Jeff Rogers: The recent floodgates of generative AI have turned the AI world on its head. It’s too soon to determine the impact, but all companies should at least be considering a medium-term strategy around generative AI. AI can also be really interesting from a predictive modeling perspective. My favorite use case for AI is using it to automatically detect and fix data quality issues early in the data engineering processes. Effectively doing so can have large-sweeping effects on downstream results.

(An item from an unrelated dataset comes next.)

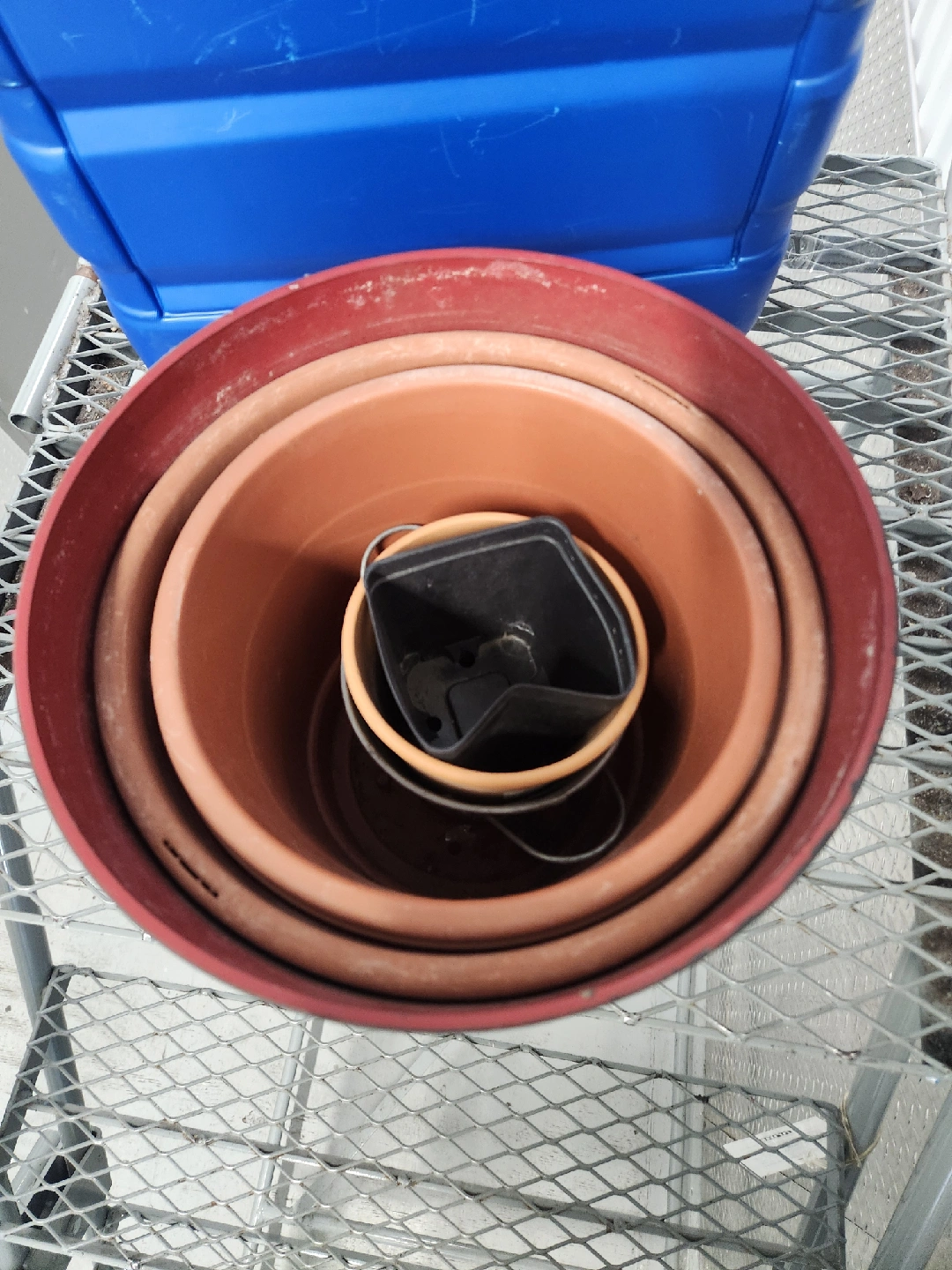 I'm selling various sizes of clay and plastic plant pots. They're perfect for indoor or outdoor use and will add a pop of color to your space.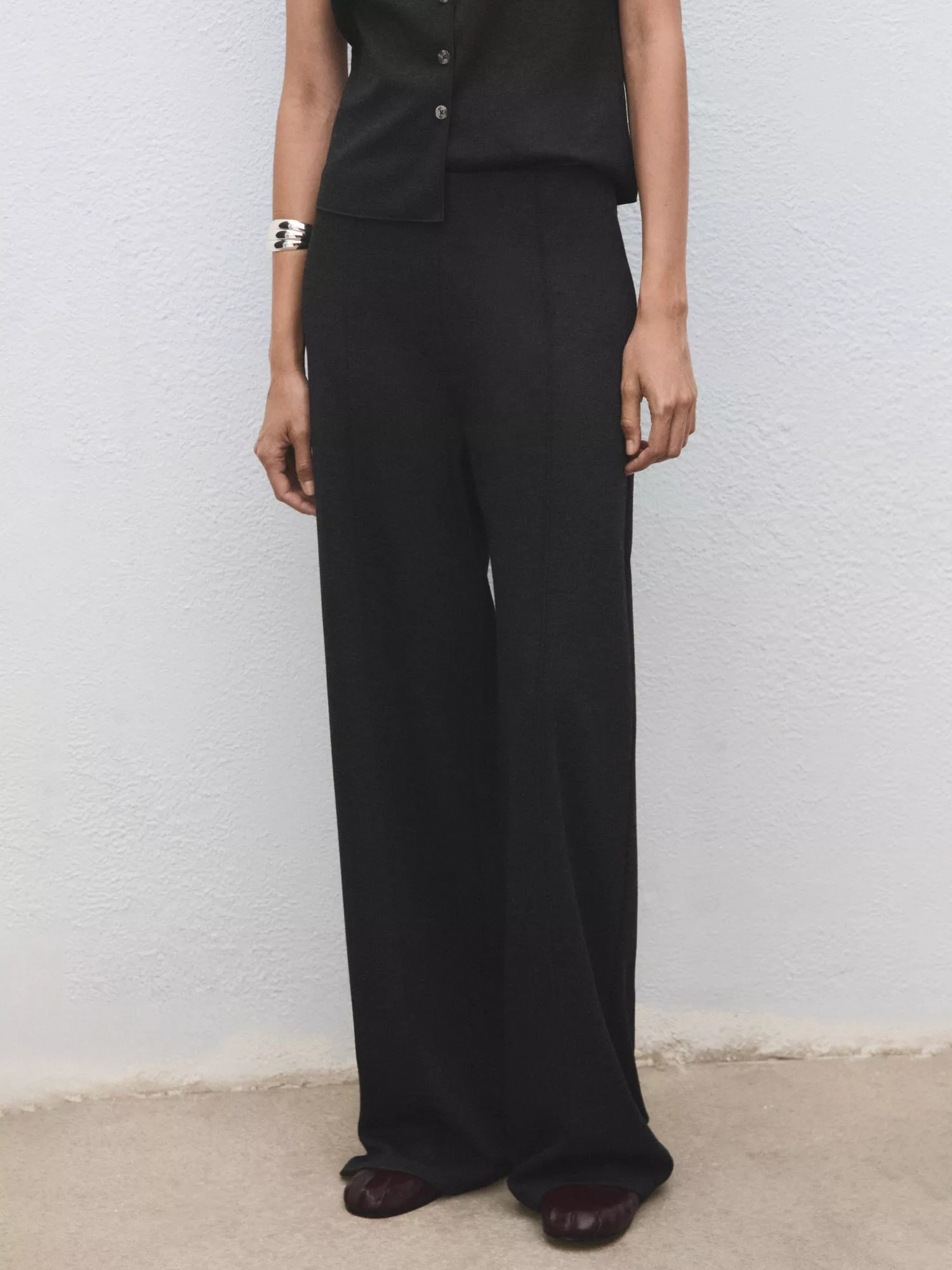 A pair of clean lined, no-nonsense straight-leg trousers by Mango. They feature a mid rise with a zip fly.

Anne Pronschinske: There are many applications of AI and ML to enhance data management and transformation. Automation of data quality checks and AI-driven monitoring are extremely useful. Not to mention, the use of Large Language Models (LLM) for data management and contextualization remains promising in upcoming years.
Travis Richardson: AI and ML are dependent on having a data management infrastructure that streamlines data aggregation and curation while accounting for privacy, governance, and provenance. Flywheel provides healthcare providers and researchers with this type of infrastructure for complex analysis by making data more structured, accessible, and standardized.
What are some real-world examples of successful data management and transformation projects, and what lessons can be learned from these cases?
Anne Pronschinske: The most successful examples of data management and transformation projects will generate “data domains” as products that allow for maximization of data domain or product reuse while eliminating duplicative efforts within those domains. Designing data domains like products infuses many of the principles of good product management into the generation of reusable data for multi-purpose use cases. Many organizations now look to employ principles of data-mesh architecture in their enterprise data strategies which include treating data like a product, fostering domain ownership (stewardship), generating a self-serve data infrastructure platform, and federated governance.
How can organizations create a data-driven culture that supports and prioritizes effective data management and transformation across all departments?
Jeff Rogers: The answer is simple: solve tactical challenges. If your data management solutions don’t actively make or save your company money, you shouldn’t do them. Once you deliver one or two solutions that positively impact the business’s bottom line, it’s amazing how much cultural buy-in you can generate.
Anne Pronschinske: One of the best ways to support a data-driven culture in an organization is to create a shared language to help the whole organization speak the “language of data” and protect data as a strategic asset. It is critical to wrap data work in purposeful culture change management. This can be done through infusion of a data literacy program and particularly through fostering strong stewardship throughout the organization.
Travis Richardson: In healthcare, organizations are beginning to recognize the value of robust data management platforms not just for their role in supporting operational tasks but also driving forward the advancement of research and innovation. More broadly, we see more enthusiastic adoption of digital transformation efforts when stakeholders understand how much automation can help reduce the workload of previously manual tasks.
What trends or innovations do you foresee in data management and transformation, and how should organizations prepare for these changes?
Anne Pronschinske: Innovation continues around data platform capabilities that automate master, reference, and metadata management, as well as self-service data transformation capabilities. To prepare for these changes, data literacy maturation is critical, as jobs and roles will begin to shift from traditional data management activities to new support roles in an increasingly automated and digital environment.